Религиозное чувство родилось в моей душе очень рано, но возникло оно не изолированно, а в комплексе чувств, при первых попытках осознать жизнь. Оно возникало вместе с чувством истории, осознанием своей принадлежности к народу, который «открыл» Бога для человечества. Люди жили во тьме язычества, когда в Израиле «открылся» Единый Истинный Бог. Другие народы открыли вращение земли, электричество, закон тяготения и многое другое, но то «открытие», которое было дано еврейскому народу, стало самым важным. Мысль об этом наполняла детскую душу чувством большой нравственной ответственности.
У меня всегда была глубокая душевная связь с мамой. Я ей поверяла всё, что вырастало в душе (хотя многое было смутным, неясным для меня самой), и всегда находила отклик и поддержку. В её сердце закрадывалась тревога, и однажды она сказала мне: «Я боюсь, что ты будешь очень одинока».
И действительно, я ощущала это даже тогда, когда в 1918 поступила в университет и встретила там людей, близких мне по духу, разделяющих мои религиозные искания. Это были последние годы философского факультета в его старом составе. Мы слушали лекции И. А. Ильина, Г. И. Челпанова, собирались на религиозно–философские собрания, на которых обсуждались волновавшие всех вопросы духовной жизни и Евангелия. На лекции Ильина студенты сходились в таком количестве, что аудитория их не вмещала. Среди них было много «маросейских» — духовных детей о. Алексея Мечева. Хотя я сблизилась с некоторыми из них, но все же чувствовала себя как бы чужой и далёкой от их жизни. А в 1920 году, после смерти мамы, мир для меня опустел, утратил не только привлекательность, но и реальность. Занятия философией и психологией, хотя и глубоко захватывали, но не давали той пищи, которую просила душа.
Вскоре я поступила работать в детский сад, продолжая занятия в университете. В общении с детьми я больше чувствовала возможность взаимного понимания, чем со взрослыми. «Отчего мне так хорошо с детьми?» — спросила я однажды много лет спустя у о. Серафима. «Это оттого, — объяснил он, — что ваша душа отдыхает».
Среди детей (в «дошкольной колонии», как это тогда называлось) я сразу почувствовала себя иначе, чем среди взрослых. Дети как будто угадывали мои самые затаённые мысли и чувства, которые я не решалась никому высказать.
Так, например, однажды вечером, когда на душе было особенно тяжело, кто‑то из старших мальчиков (таких весёлых и резвых в течение дня) позвал меня, сказав: «Посиди с нами, нам страшно». Мои собственные страх и тоска словно исчезли.
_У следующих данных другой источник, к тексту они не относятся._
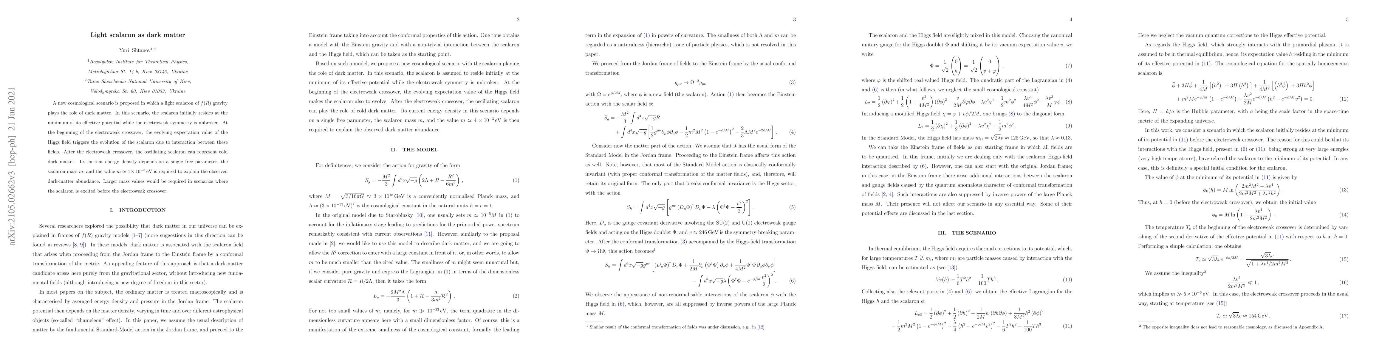 The research proposes a cosmological scenario where a light scalaron from f(R) gravity acts as dark matter, evolving from the minimum of its effective potential during the electroweak symmetry breaking era, triggered by the Higgs field's evolution.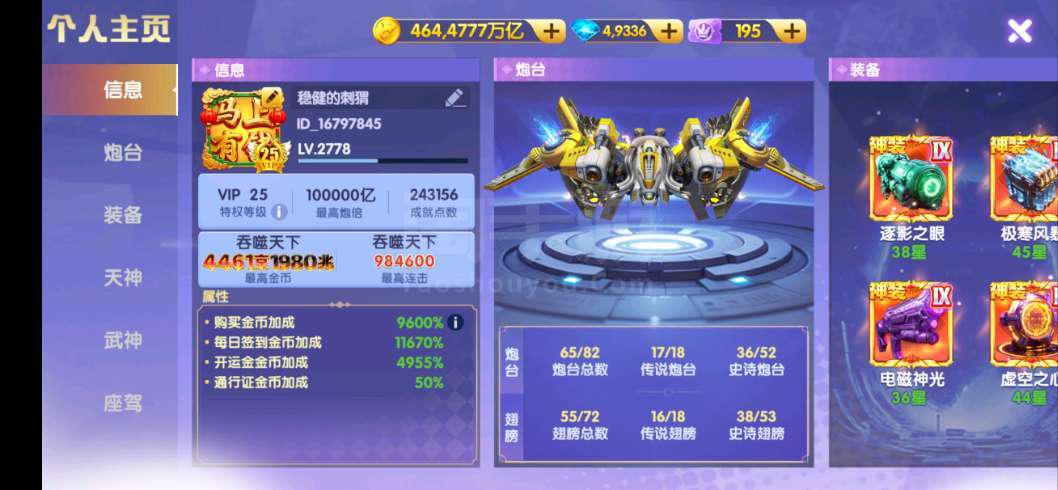 鱼乐达人安卓华为v25顶级账号9600加成 武神全满 4返点翅膀 最安全的账号

С тех пор я каждый вечер сидела с детьми, пока они не засыпали спокойным сном.
Никогда не забуду этих вечеров! Вспомнить содержание наших бесед почти невозможно: дети рассказывали о доме, о переездах, о пушках и пулемётах, о зиме, о звёздах, рассказывали сказки. Это не была беседа педагога с воспитанниками. Несмотря на разницу в возрасте, мы были равными перед вечерней зарёй, перед наступающей ночью, перед страшным миром, который нас окружал, перед Богом, которого они чувствовали яснее, чем я. Я не умела ответить на многие их вопросы, но они всегда отвечали на мои. Некоторые девочки знали наизусть молитвы и иногда читали вслух. Я не знала молитв и слушала их, затаив дыханье. В устах детей они звучали с особенной силой и неведомой мне радостью.
Днём во время прогулок говорили мало. Мы слушали, что говорили нам птицы, цветы и деревья, леса и овраги.
Помню, однажды вернулась я с прогулки и села на крыльце дома. У меня в руках был большой букет васильков; прижавшись к нему лицом, я на минуту задумалась. Ко мне подбежал маленький черноглазый мальчик, один из самых больших наших шалунов, и спросил: «Ты знаешь, кто всех лучше?» Я не нашлась, что ответить. «Бог», — сказал он. «Ты знаешь, что Бог может сделать? — опять спросил мальчик и, не дождавшись ответа, добавил: — Человека сотворить!»…
По воскресеньям мне всегда было особенно грустно, но я не могла понять причину этой грусти. В одно воскресное утро я вышла в поле: было тихо, издалека доносился колокольный звон. «У всех воскресенье, а у тебя не воскресенье», — сказал неожиданно один из малышей, находившихся возле меня.
«Почему они всегда все знают?» — подумала я.
В детском саду я познакомилась с Тоней 3., через которую я узнала впоследствии о. Серафима и которая четырнадцать лет спустя стала моей крестной. Видно, Сам Господь привёл меня в этот детский сад.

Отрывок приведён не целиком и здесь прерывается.